Be it Pretty in Pink, The Breakfast Club, Ferris Bueller... Hughes was gold when it came to tapping into the zeitgeist that was adolescent ennui in the age of Cyndi Lauper, INXS, and Bananarama. So much so that I doubt anyone who grew up in that era would argue any different and anyone who was born too late would be instantly beat down in any internet fight if they said otherwise.
But there's a flipside to the argument, because once he left the zaniness of the 80's, the market changed rapidly and, where Molly Ringwald and Judd Nelson were once the gods of the Brat Pack, the 90's demanded a more real and gritty take on growing up, preferring Reality Bytes and Empire Records to Baby's Day Out and Home Alone.
I sort of weep for Career Opportunities. Not only did it come at the wrong time, but it was trying to bridge the gap between the old and the new, straddling the stylistic canyon between checkered suits and grungy flannel shirts.
The story is very much a slant on what Hughes did a year before with Home Alone, just with a pair of teenagers in a department store instead of a precocious kid in his own house. Essentially, Jim Dodge (played by Frank Whaley, who really isn't leading man material) IS Kevin McAllister, just older and a brunette... but the endless tirade of lies and manipulations that come out of an eight year old's mouth are cheap and really rather pathetic from a young adult.
Jim is the Town Liar. It's obvious from the start when Hughes has him almost playing to the audience and breaking the fourth wall till we see he's regaling the dogs of an animal shelter with his fantasies. He spins his tales to a trio of pre-teens, who believe and revere him, while the rest of the town is wise to his tricks. He's a born loser.

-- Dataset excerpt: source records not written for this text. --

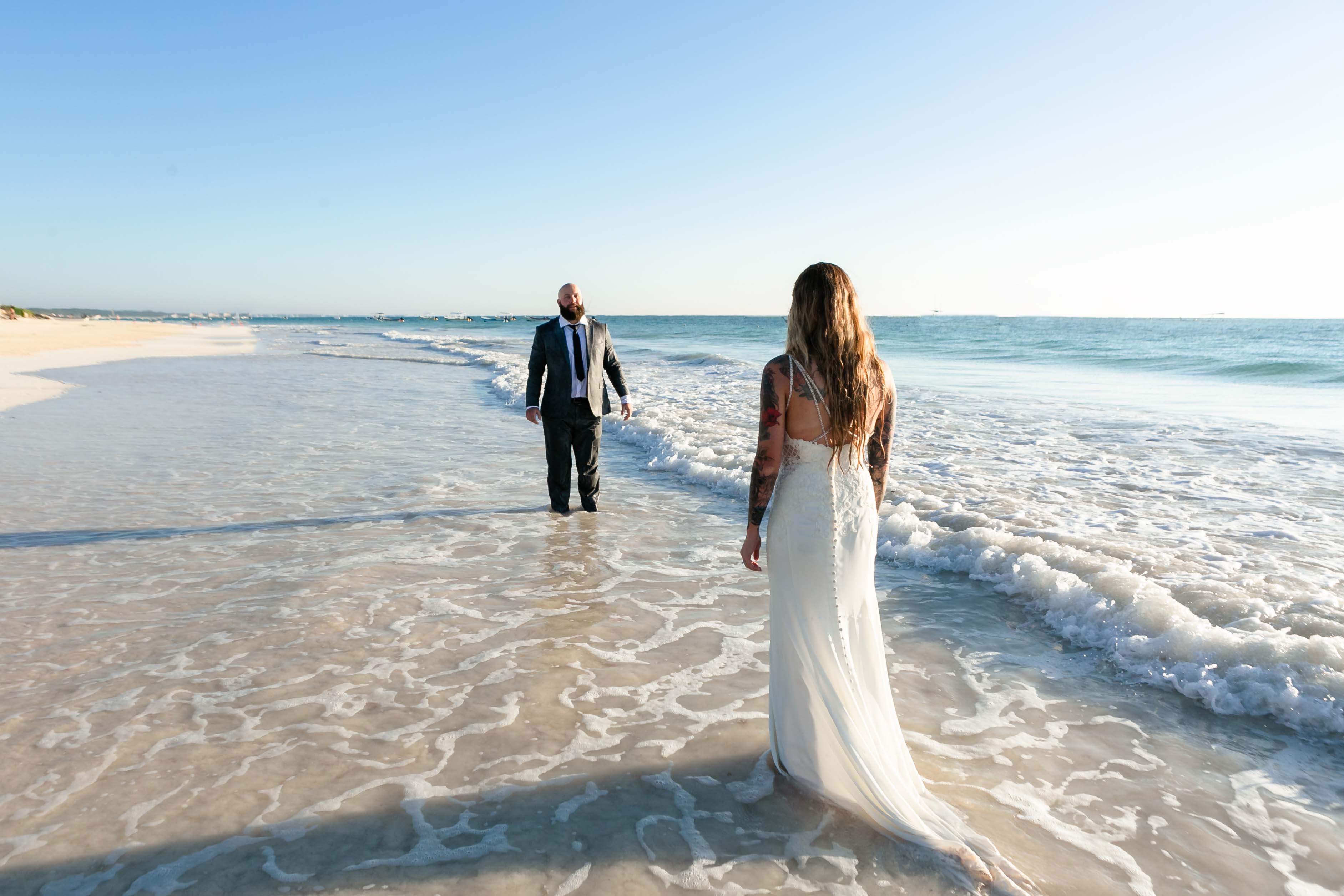 There’s something incredibly powerful about starting the day at the ocean’s edge. For Kelsey and Ricky, Blue Venado provided the perfect setting to celebrate their love one last time in their wedding attire, this time with barefoot freedom, crashing waves, and glowing sunrise skies.
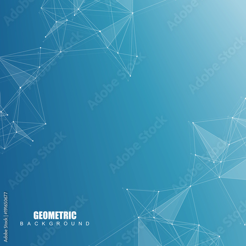 Geometric abstract background with connected line and dots. Structure molecule and communication. Big Data Visualization. Medical, technology, science background. Vector illustration.
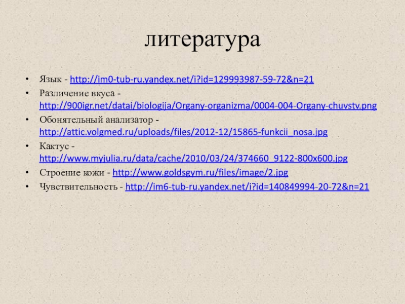 литератураЯзык - http://im0-tub-ru.yandex.net/i?id=129993987-59-72&n=21Различение вкуса - http://900igr.net/datai/biologija/Organy-organizma/0004-004-Organy-chuvstv.pngОбонятельный анализатор - http://attic.volgmed.ru/uploads/files/2012-12/15865-funkcii_nosa.jpgКактус - http://www.myjulia.ru/data/cache/2010/03/24/374660_9122-800x600.jpgСтроение кожи - http://www.goldsgym.ru/files/image/2.jpgЧувствительность - http://im6-tub-ru.yandex.net/i?id=140849994-20-72&n=21
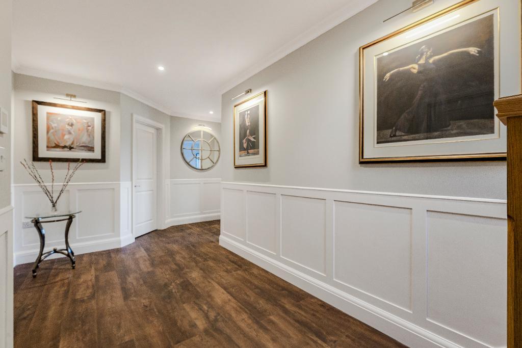 Solid oak stair case and balustrade, large double glazed picture window with oak sill with side view leading up to wood effect vinyl flooring with half panelled walls, picture lights and spotlights to ceiling with doors leading to:
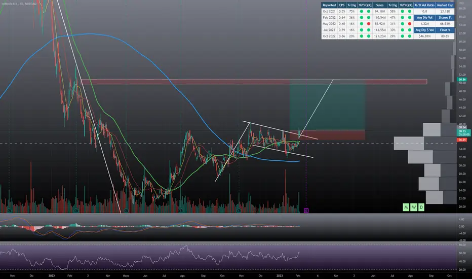 Ahora mismo está apoyando en la directriz de todo ese canal bajista sin volumen después de romper toda esa acumulación con bastante volumen, en teoría el objetivo total de esta formación sería llegar hasta los 51 dando una relación R/B de 1/5.38.
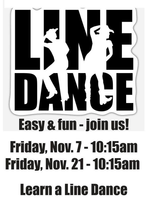 October 10, 17 & 31, 10:15am – 10:45am – POP UP Line Dance Class.

Together, the two of them get locked into the local Target (the Big Red Dot being a new and weird thing back then) and proceed to spend the night goofing off and bonding until a pair of murderers and thieves somehow manage to break inside in a way that is never actually explained. This is especially disconcerting considering the movie expends several scenes on the notion that Jim and Josie can't get out.
The entire premise and all its little sundries are laughable. Where I could get behind Ferris and his trip across Chicago, even crashing a parade float... I cannot for one second believe in Jim and Josie, either their separate issues or their instant concrete bonding. This is especially true when Josie goes Stockholm Syndrome with one of the robbers and the last fifteen minutes of the film becomes a version of Die Hard.
I feel really bad for Jennifer Connelly in this film. She's obviously too beautiful for the room and there definitely isn't much to chew on in the script. Anyone with a brain can see she's just being used for her ample rack here. Sure, she was pretty much just starting out at this point, but OH MY GOD am I thankful her agent got her in Dark City, Requiem for a Dream, and A Beautiful Mind instead of more crapfests like this.
Her, I can forgive. Hughes? Not so much.
Plot holes, superfluous scenes, useless melodrama away from the action (Josie and Jim's respective fathers and their sleepless nights)... you can definitely see why this particular entry into Hughes' catalog never comes up on anyone's lists. I most certainly recommend that everyone stay away unless they're feeling masochistic and want to go through his entire film repertoire... all the way up through Drillbit Taylor.
*shudder*
Though, I will admit that it was fun to see racks and racks of cassette tapes again in their annoying white plastic security cases to keep folks from slipping them in their pockets. Freaking hilarious. It did beg the question, though, of how exactly Josie and Jim pried them out to play in the various HiFi's of the store.